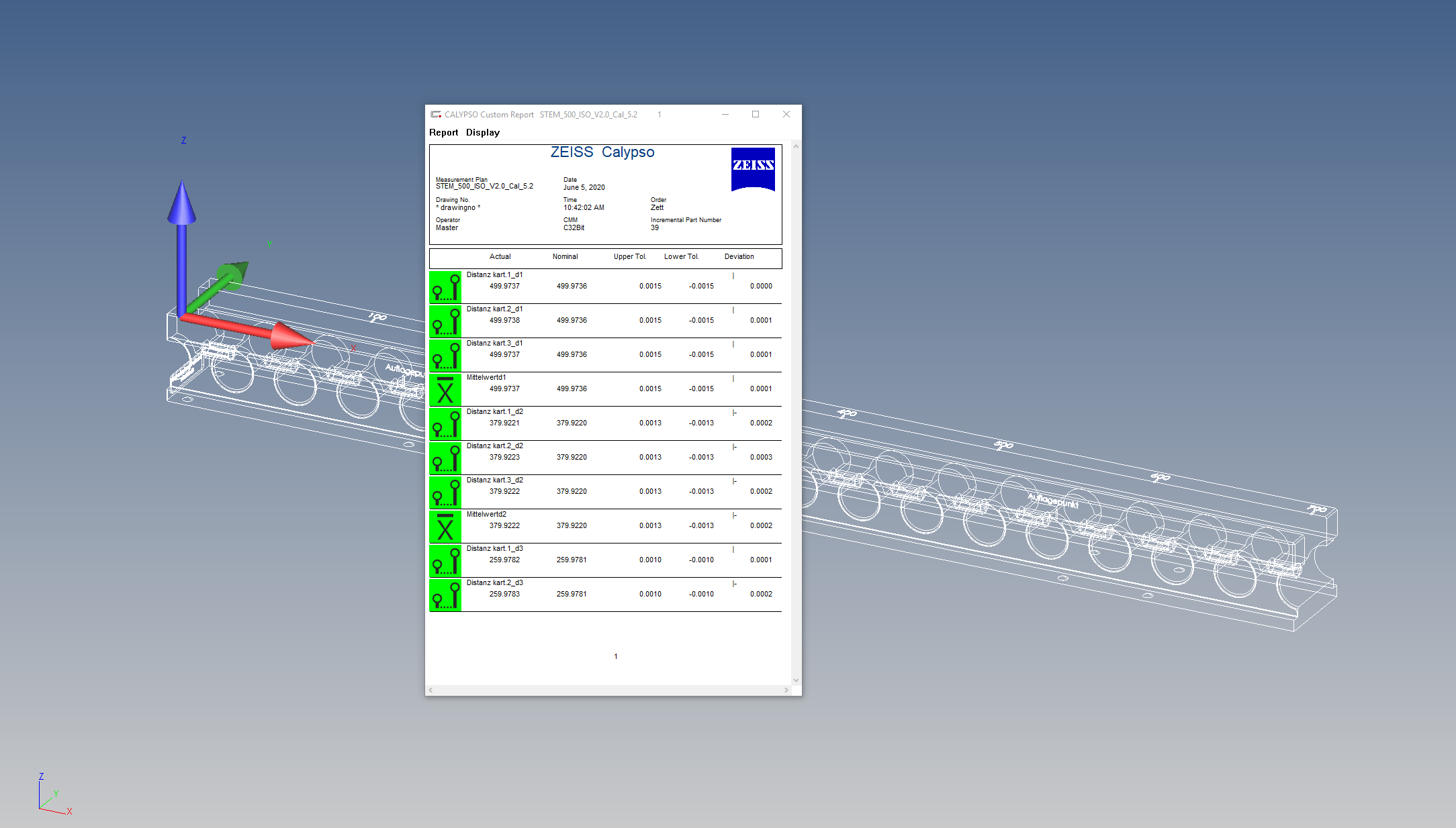Maskinen har en nøyaktighet på 0,0005 mm og kan måle gjenstander opp mot B 900 x L: 1300 x H:700 mm. Målemaskinen er utstyrt med temperatur prober i tillegg til å være plassert i et godt temperaturstyrt målerom.
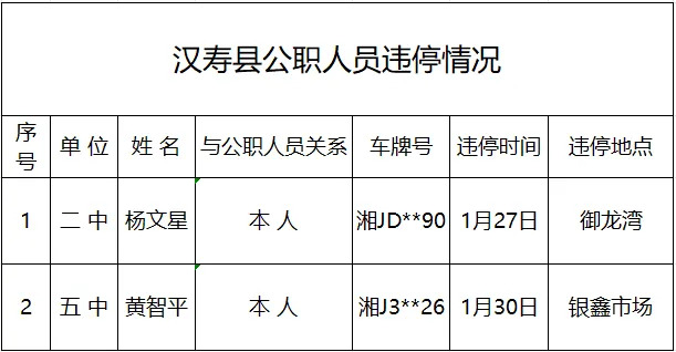 按照县委、县政府建设社会主义现代化新汉寿的目标要求,当前,汉寿人民正齐心协力投身于综合秩序整治行动中,城市总体文明风貌得到明显提升。但仍有少数公职人员未起到表率作用,未在规定区域内停车。为巩固文明城市创建成果、持续营造良好的城市环境,县文明办将持续通报公职人员和单位车辆违规停放情况,望广大市民和公职人员引以为戒。现将2026年1月27日-2月3日公职人员和单位车辆“违章停车”情况通报如下。
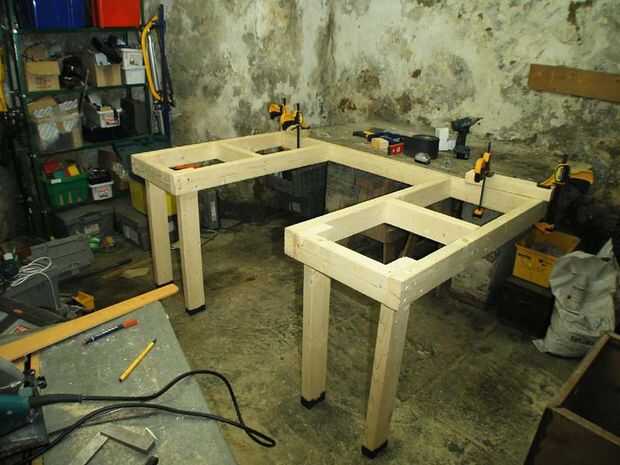 Primero construí la estructura que soportará la parte superior, luego puso esto sobre caballetes y fijada a la losa de piedra. Un poco de trasteando con el nivel de burbuja para obtener planos y estaba listo para comenzar en algunas piernas.
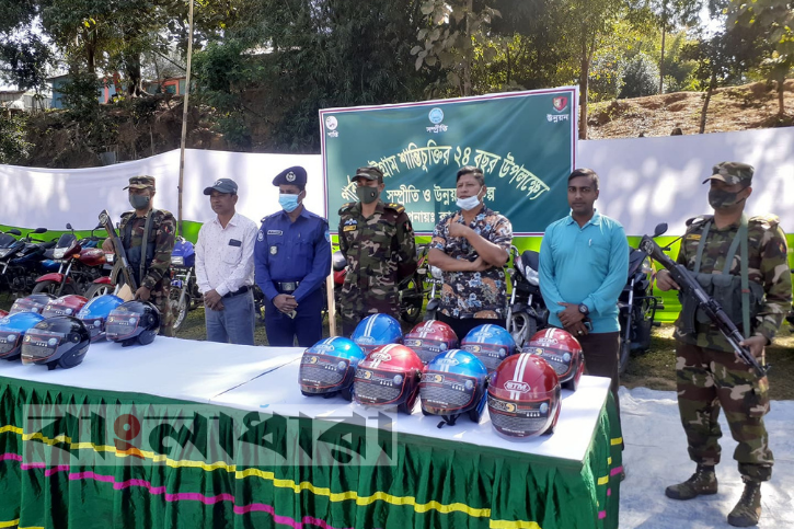 পার্বত্য চট্টগ্রাম শান্তিচূক্তির দুই যুগপূর্তি উপলক্ষে কাপ্তাই জোনের আওতাধীন রাজস্থলী উপজেলার বাঙালহালিয়া সাব-ক্যাম্পের সহযোগিতায় অটল ৫৬ কাপ্তাই জোনের ব্যবস্থাপনায় মোটর বাইক চালকদের মাঝে হেলমেট বিতরণ করা হয়েছে।
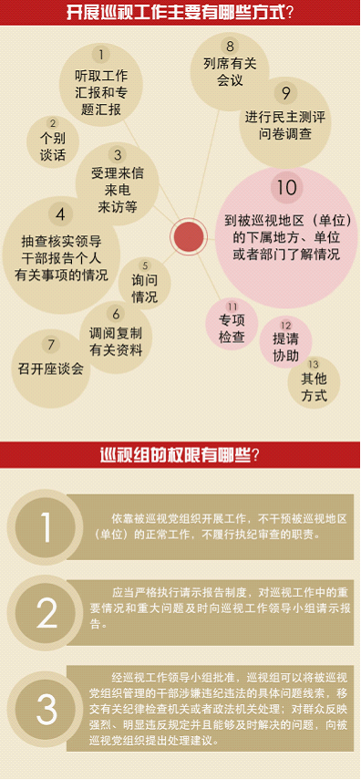 ●廉政提醒:党的中央和省、自治区、直辖市委员会实行巡视制度,建立专职巡视机构,对所管理的地方、部门、企事业单位党组织进行巡视监督,实现巡视全覆盖、全国一盘棋。开展巡视工作的党组织承担巡视工作的主体责任。——《中国共产党巡视工作条例》
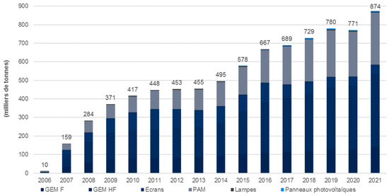 The global production of waste electrical and electronic equipment (WEEE) has nearly doubled since 2010, increasing from 33.8 million tons to approximately 62 million tons in 2022 [1,2,3]. WEEE is one of the fastest-growing waste streams, with global e-waste production expected to reach 82 million tons by 2030 [1]. China is by far the world’s largest producer of electronic waste, generating over 12 million tons in 2022 [1]. The United States followed, with approximately seven million tons produced. Global electronic waste production reached around 62 million tons in 2022 and is expected to continue increasing in the coming years [1,2,3]. In France, ADEME (French agency of ecological transition) report from 2022 on the WEEE sector in France provides a market study of electrical and electronic equipment (EEE) with all relevant organizations for the past year. This report presents key data on the WEEE sector in France (all data comes from ADEME’s 2022 annual report on EEE, based on 2021 figures): in 2021, 1.3 billion electrical and electronic devices of all categories were placed on the French market, representing a 10% increase compared to 2020. This accounted for 2,473,423 tons (+11%), equivalent to 244 times the weight of the Eiffel Tower. The following figure (Figure 1) illustrates the evolution of the total weight and number of devices placed on the market between 2006 and 2021.
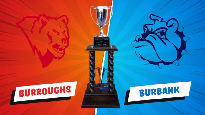 The myBurbank Cup, presented by Trophy King & Gifts, is awarded during the pre-game ceremony of the Burbank-Burroughs football game.
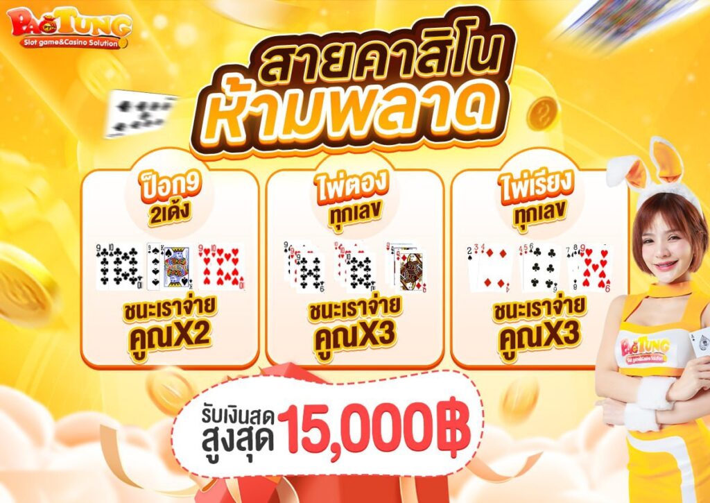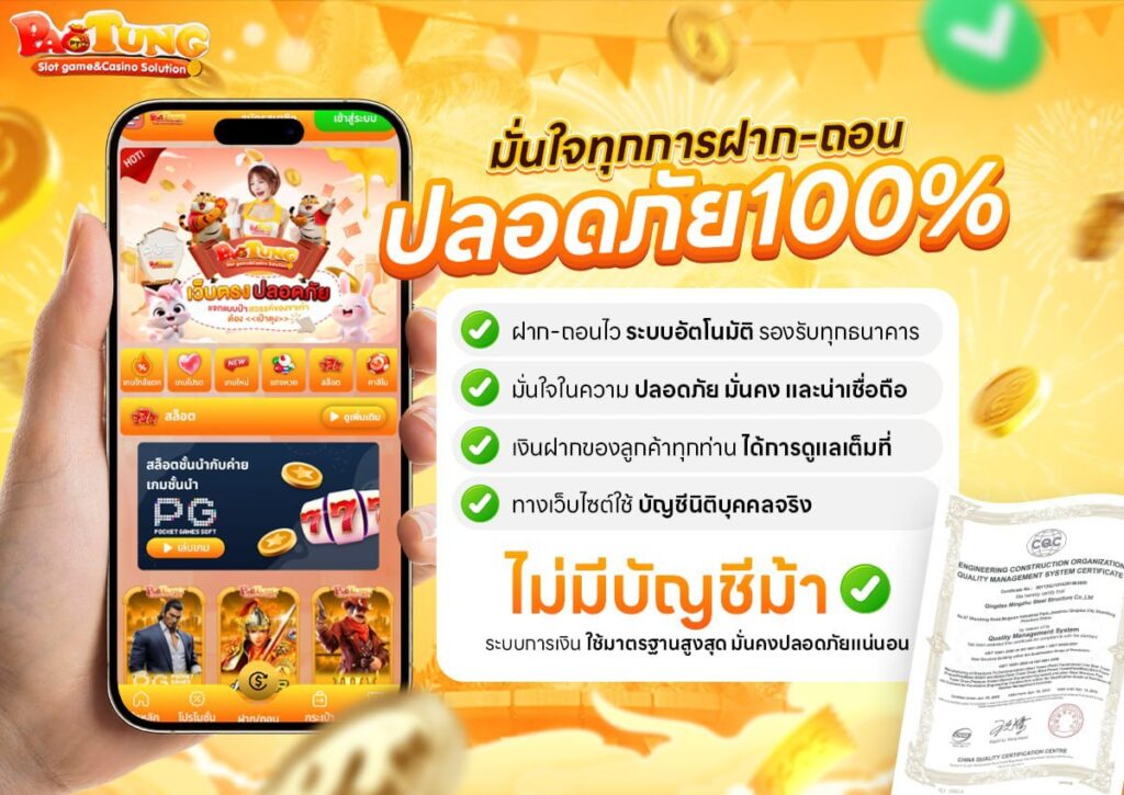 PAOTUNGสล็อต เว็บตรง ไม่ผ่านเอเย่นต์ มาตรฐาน สากล การันตีเลยว่าจะได้เล่นเกมส์สล็อต เว็บแท้ ปลอดภัยแน่นอน 100% เพียงคลิกที่ปุ่มสมัครสมาชิกบนหน้าเว็บไซต์สเป๋าตุง สล็อต เว็บตรง กรอกข้อมูลให้ครบถ้วน ก็จะได้รับความบันเทิง สนุกสนานในเว็บสล็อต ไม่ว่าจะเลือกเล่นเกมส์ไหนก็แตกหนักทุกเกมส์ เป๋าตุง สล็อต vip ถอนเงินได้จริง ไม่มีขั้นต่ำในการฝากถอน และยังรอบรับ สล็อต ture wallet หรือจะบัญชีธนาคารทุกค่ายชั้นนำ สะดวก รวดเร็ว ด้วยระบบ สล็อตออโต้ ใช้งานง่าย เสร็จภายใน 1 นาที มาพร้อมกับโปรโมชั่นมากมายให้นักพนันทุกคนได้เลือกรับ เป๋าตุง สล็อต 999 ของเราไม่มีการเอาเปรียบผู้เล่นแน่นอน
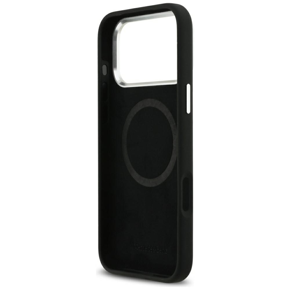 Mercedes-Benz Szilikon Retro Logós MagSafe tok A Mercedes-Benz autók belső dizájnjára jellemző lenyűgöző esztétika részletesen átkerült a kiváló minőségű szilikonból készült Szilikon Retro Logós MagSafe tokra. Ez nemcsak a márkára jellemző részletekre való odafigyelés eredménye, hanem egy modern megközelítés kifejeződése is, tartós és környezetbarát anyagok felhasználásával. Tökéletes választás az összes MagSafe technológiával rendelkező készülék tulajdonosának. Egyedi megjelenés és kivételes minőség Az exkluzív Mercedes Szilikon Retro Logós MagSafe tok elegancia, osztály és modern stílus kombinációja. A tok hátulja kiváló minőségű folyékony szilikonból készült, amely kellemes tapintású, karcálló, és biztos fogást nyújt használat közben. A hátulját két jellegzetes márkalogó díszíti—egy dombornyomott Mercedes-Benz logó középen, és egy ezüst logó a tok alján—amely különleges, luxus hangulatot kölcsönöz az kiegészítőnek. A precíz kivágások és pontosan illeszkedő oldalsó gombok kiegészítik a dizájnt, hangsúlyozva a részletekre való odafigyelést és a legmagasabb minőségű kidolgozást. A tok a MagSafe rendszert tartalmazza, amely biztosítja a teljes kompatibilitást az Apple mágneses kiegészítőkkel. Ez a tökéletes funkcionalitás, védelem és kifinomult dizájn kombinációja, amely megőrzi az iPhone biztonságát és elegáns, időtálló megjelenést kölcsönöz neki. Szilárd szerkezet és tökéletes illeszkedés A gondosan kiválasztott méreteknek köszönhetően a tok hatékonyan elnyeli az ütéseket, miközben teljes hozzáférést biztosít a portokhoz és gombokhoz. A tok oldalai rugalmasak, így könnyű az összeszerelés és szétszerelés, de mindenekelőtt tökéletesen védik a készülék keretét a behatások vagy potenciális sérülések ellen. Az enyhén megemelt külső élek megóvják a telefon képernyőjét a sérülésektől, míg a kamera lencséje körüli megemelt külső élek megóvják az optikát a törésektől vagy karcolásoktól. Vezeték nélküli töltés A tok tartalmaz egy mágneses gyűrűt, amely kompatibilis a MagSafe vezeték nélküli töltővel, biztosítva a gyors és egyszerű töltést. A tok beépített mágnesei tökéletesen igazodnak a felhasználó telefonjához, és biztosítják az erős kapcsolatot a MagSafe töltővel. A tokot a Mercedes-Benz engedélyével gyártották. Műszaki adatok Mercedes Szilikon Retro Logós MagSafe Gyűjtemény Típus Kemény tok Anyag Szilikon Szín Fekete Kompatibilitás iPhone 17 Pro Max
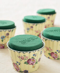 Togliete dai cachepot, che qui fungono da pirottini per cupcake, la fascia di cartone esterna per non bagnarla e, con una brocchetta, versate l’acqua sulle spugne finché ne saranno ben imbevute.
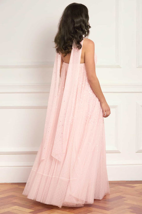 NEW SEASON. The Sunrise Sequin Strapless Cape Gown in Peony Pink. An elegant strapless gown adorned with softly shimmering sequin detailing inspired by glowing sunrise hues. Finished with a delicately gathered tulle cape at the back and a flowing full-length skirt for dramatic occasionwear. Perfectly paired with a matching scarf.
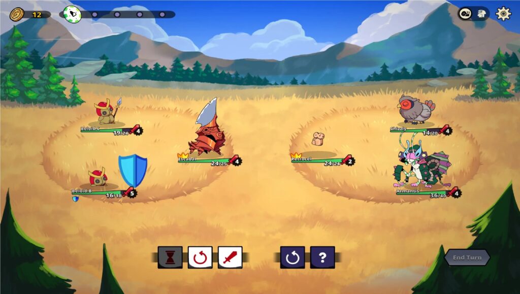 As you traverse biomes in Dicefolk, you’ll stumble across an array of unique areas. Some let you nab a new chimera for your team, others are healing spots and shops with items for purchase. There’s also spots with cursed items, spots with blessed items, and other surprises along the way. The most common area you’ll travel through is a battle spot – and it’s in these arenas that Dicefolk makes its strongest impression.
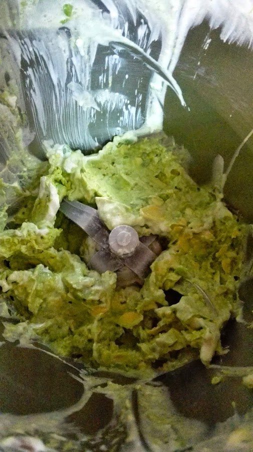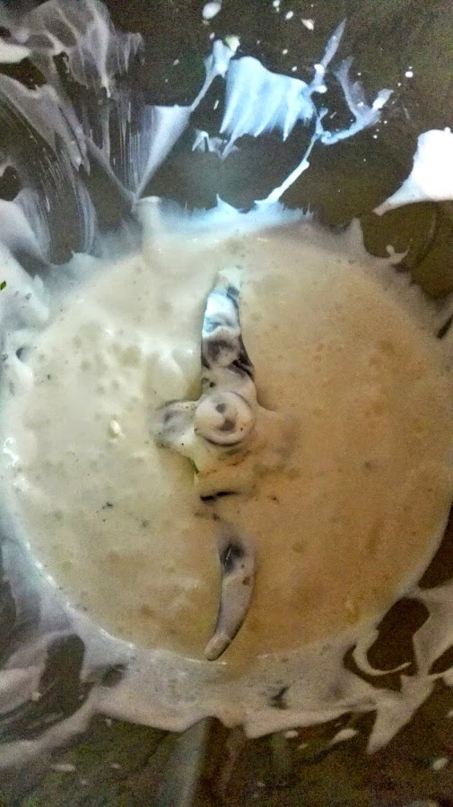Agregamos el queso, la nata (crema de leche), el cebollino y la pimienta, 5 segundos/ velocidad 3, sino, vamos mezclando hasta que se espese un poco.
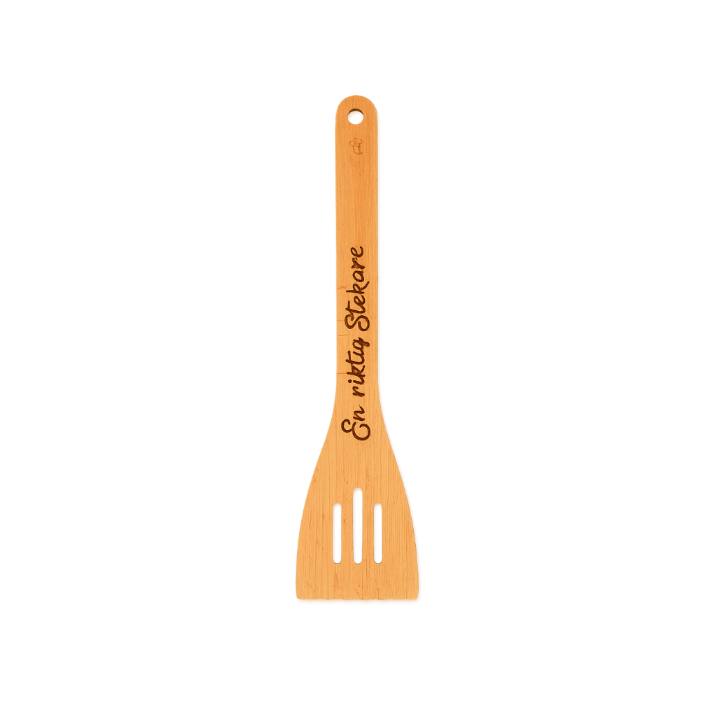 Med sin enkla och naturliga form är denna träspatel både funktionell och vacker. Men det är först när du adderar en personlig gravyr som den förvandlas till något riktigt meningsfullt. Ett namn, en hälsning eller ett internt skämt – plötsligt är det inte bara ett verktyg i köket, utan ett minne som används dagligen. Den är stadig, stilren och passar perfekt för såväl vardagsmat som söndagsstekar.
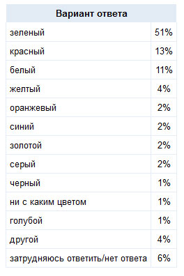 Оказалось, более половины опрошенных (51%) видят его зеленым, объясняя такое восприятие влиянием цвета американских долларов, купюр в 100 евро и российских банкнот достоинством в 1000 рублей. «Зеленый, как свет светофора»; «Цвет тысячных купюр и возможностей»; «Самая распространенная в России купюра в 100 евро – зеленая», - делятся особенностями цветовосприятия респонденты.
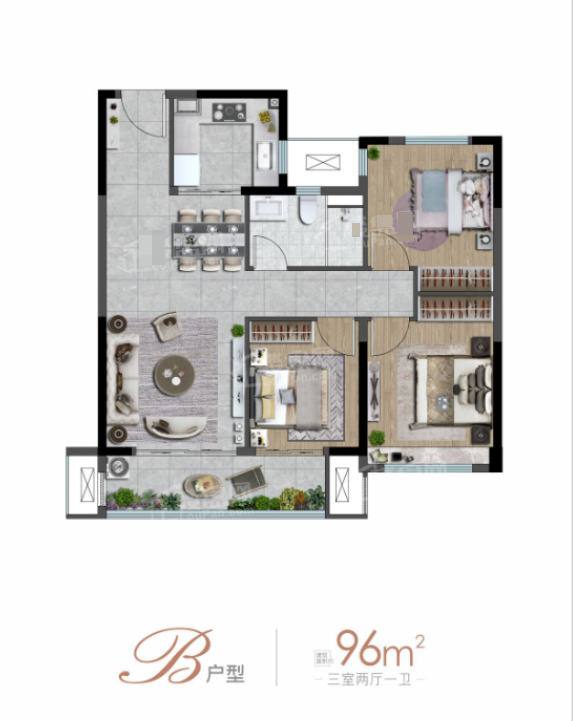 3室2厅1厨1卫 建面96m²
****************************************
§ Brief
What to print is the stretch of entries from the line with "Agregamos el queso, la" up to and including the line with "Med sin enkla". Please print it exactly and leave out the pictures.

§ Expected answer
Agregamos el queso, la nata (crema de leche), el cebollino y la pimienta, 5 segundos/ velocidad 3, sino, vamos mezclando hasta que se espese un poco.
 Med sin enkla och naturliga form är denna träspatel både funktionell och vacker. Men det är först när du adderar en personlig gravyr som den förvandlas till något riktigt meningsfullt. Ett namn, en hälsning eller ett internt skämt – plötsligt är det inte bara ett verktyg i köket, utan ett minne som används dagligen. Den är stadig, stilren och passar perfekt för såväl vardagsmat som söndagsstekar.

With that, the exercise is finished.